Santiago 4, 1-10; Sal 54, 7-8. 9-10a. 10b 11. 23 ; san Marcos 9, 30-37

Abrimos el periódico, y ahí nos encontramos, una vez más, con lo de cada día: enfrentamientos, guerras, separatismos radicales, odios, fanatismos… ¿Por qué utilizamos el lenguaje de la solidaridad, la justicia, el amor y la fraternidad, cuando hemos dado la espalda a Aquel que es fuente de todas estas reivindicaciones? “¿De dónde proceden las guerras y las contiendas entre vosotros? ¿No es de vuestras pasiones, que luchan en vuestros miembros? Codiciáis y no tenéis; matáis, ardéis en envidia y no alcanzáis nada; os combatís y os hacéis la guerra”. Estas palabras, que podrían proceder de cualquier analista de nuestros días, no son sino del apóstol Santiago, que supo ver, hace ya más de dos mil años, cuál era la raíz del problema en el ser humano: “¿No sabéis que amar el mundo es odiar a Dios?”.

¡A ver quién es el guapo que va por la calle denunciando que la fatalidad de nuestro destino es que hemos convertido nuestra relación con Dios en el enemigo público “número uno”! Sólo las sectas y los grupos de signo sospechoso (por no hablar de los fanatismos religiosos que todos conocemos), parecen tener el derecho a exigir el nombre de Dios (aunque sea en vano) como algo de su propiedad, y a realizar cualquier defensa o ataque (empleando también la sangre) contra los enemigos de sus creencias. ¿Hemos olvidado que el signo de los cristianos sigue siendo la Cruz, y que la verdad es la única capaz de hacernos libres? Nos lo dice Jesucristo en el Evangelio de hoy: “El Hijo del hombre va a ser entregado en manos de los hombres, y lo matarán; y, después de muerto, a los tres días resucitará”. El cristianismo, que ha sido la gran revolución de occidente durante siglos, ahora se encuentra devorado por sus propios hijos (ideologías y filosofías en las que tuvieron antaño su fuente y alimento), y que buscan en la mediocridad y el fingimiento un signo de vitalidad, pues no quieren reconocer su origen divino (somos hijos en el Hijo).

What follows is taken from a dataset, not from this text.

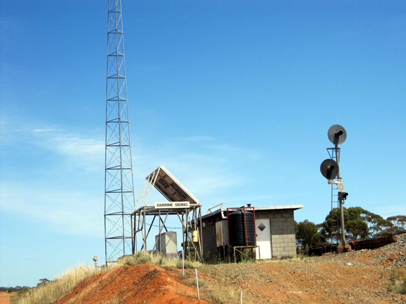 We camped a night south of the transline and Jaurdi, then the next day headed west along the transline access road. Here's a picture of Darrine Siding and a nice full rainwater tank of water. We filled up a gallon of water here Finally a day of mostly blue skies, something we didn't get to see much of on this entire trip.
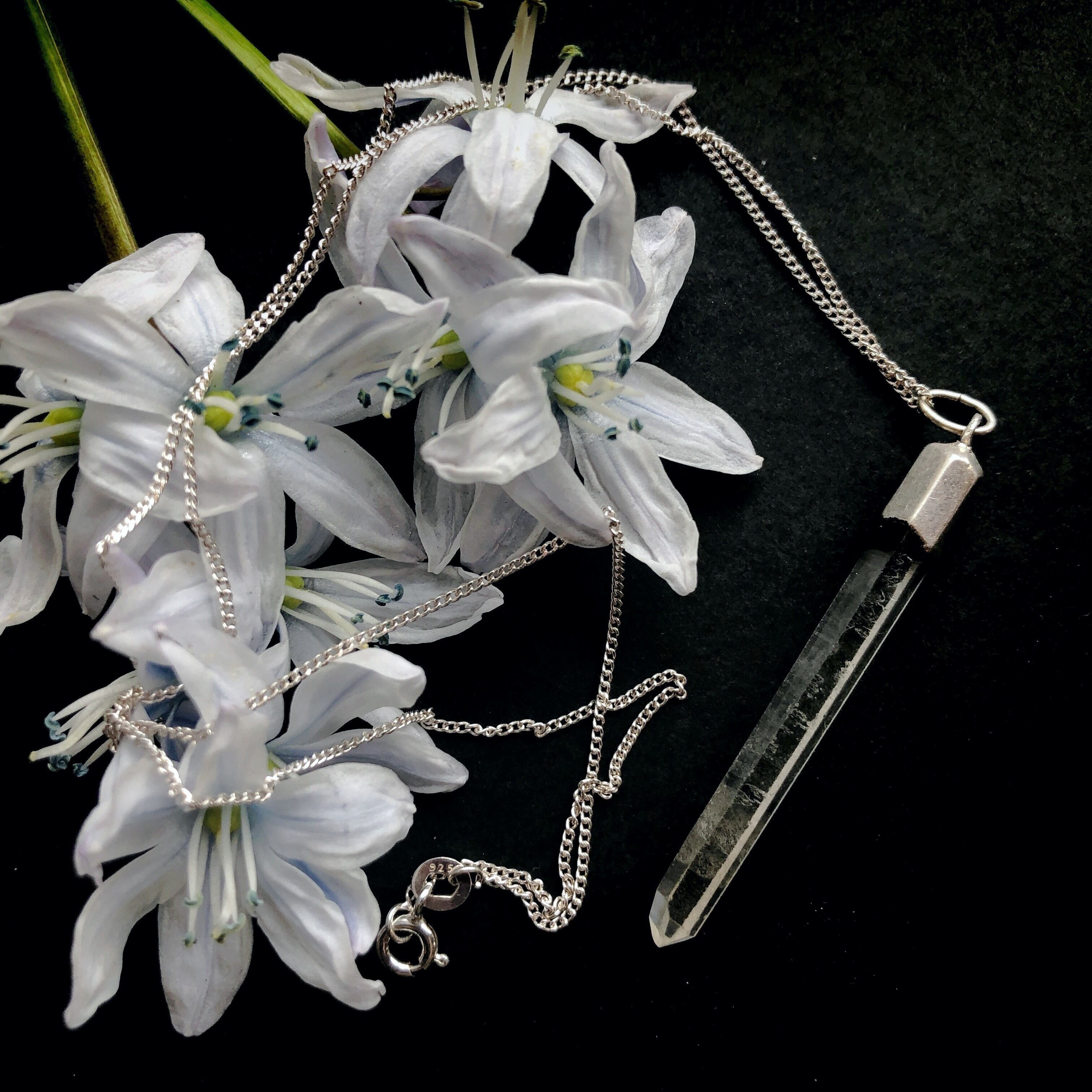 このロッククリスタルは6角柱の形にカットされていますが、それぞれの面が不均一に歪んだ造形で、各面に異なる模様が浮かび、天然石の面影を十分に残した造形と質感になっています。掘り出された水晶をそのまま身につけたような、ちょっと神秘的な雰囲気のお品です。

“Acercaos a Dios, y Dios se acercará a vosotros”. Santiago nos da la “receta”. Ponernos en manos de Él no es sucumbir al vasallaje o al sometimiento servil, sino recuperar nuestro auténtico linaje. ¿Crees que poner tu vida en las “buenas intenciones” de los hombres es la manera de ser auténtico? Si la mirada que diriges a otro no pasa por el corazón de Cristo te encontrarás mucho más lejos de la verdad de lo que imaginas. Nuestra vida cotidiana ha de estar impregnada de lo divino (un saludo, una conversación, un pensamiento…), y en ese acercamiento constante se va produciendo un diálogo que no renuncia a los detalles y a los momentos que, en muchas ocasiones, pasan desapercibidos ante los demás… Todo tiene sentido, ¡incluso el dolor!, porque nos acerca aún más al misterio de nuestra propia redención.

“Quien quiera ser el primero, que sea el último de todos y el servidor de todos”. El misterio de la Encarnación supuso un acercarse inaudito de Dios a cada uno de nosotros. Rescatar esa percepción en el corazón de cada hombre y mujer que nos rodean es la misión que nos toca vivir en estos tiempos que tanto nos duelen. Servir a los demás no es presumir de nuestros talentos, ni tampoco quejarnos de lo mal que lo hacen otros. Ser el último de todos es ser primeros en el dar y el entregarse, buscando, no el éxito personal, sino que la luz de Cristo brille en nuestra familia, en nuestra amistad y en nuestro trabajo. Esa fue la normalidad con la que vivió constantemente nuestra Madre la Virgen, y así se ganó el amor de Dios en cada uno de sus gestos que le acompañaron durante toda su vida, y nos hace llegar también ahora a nosotros.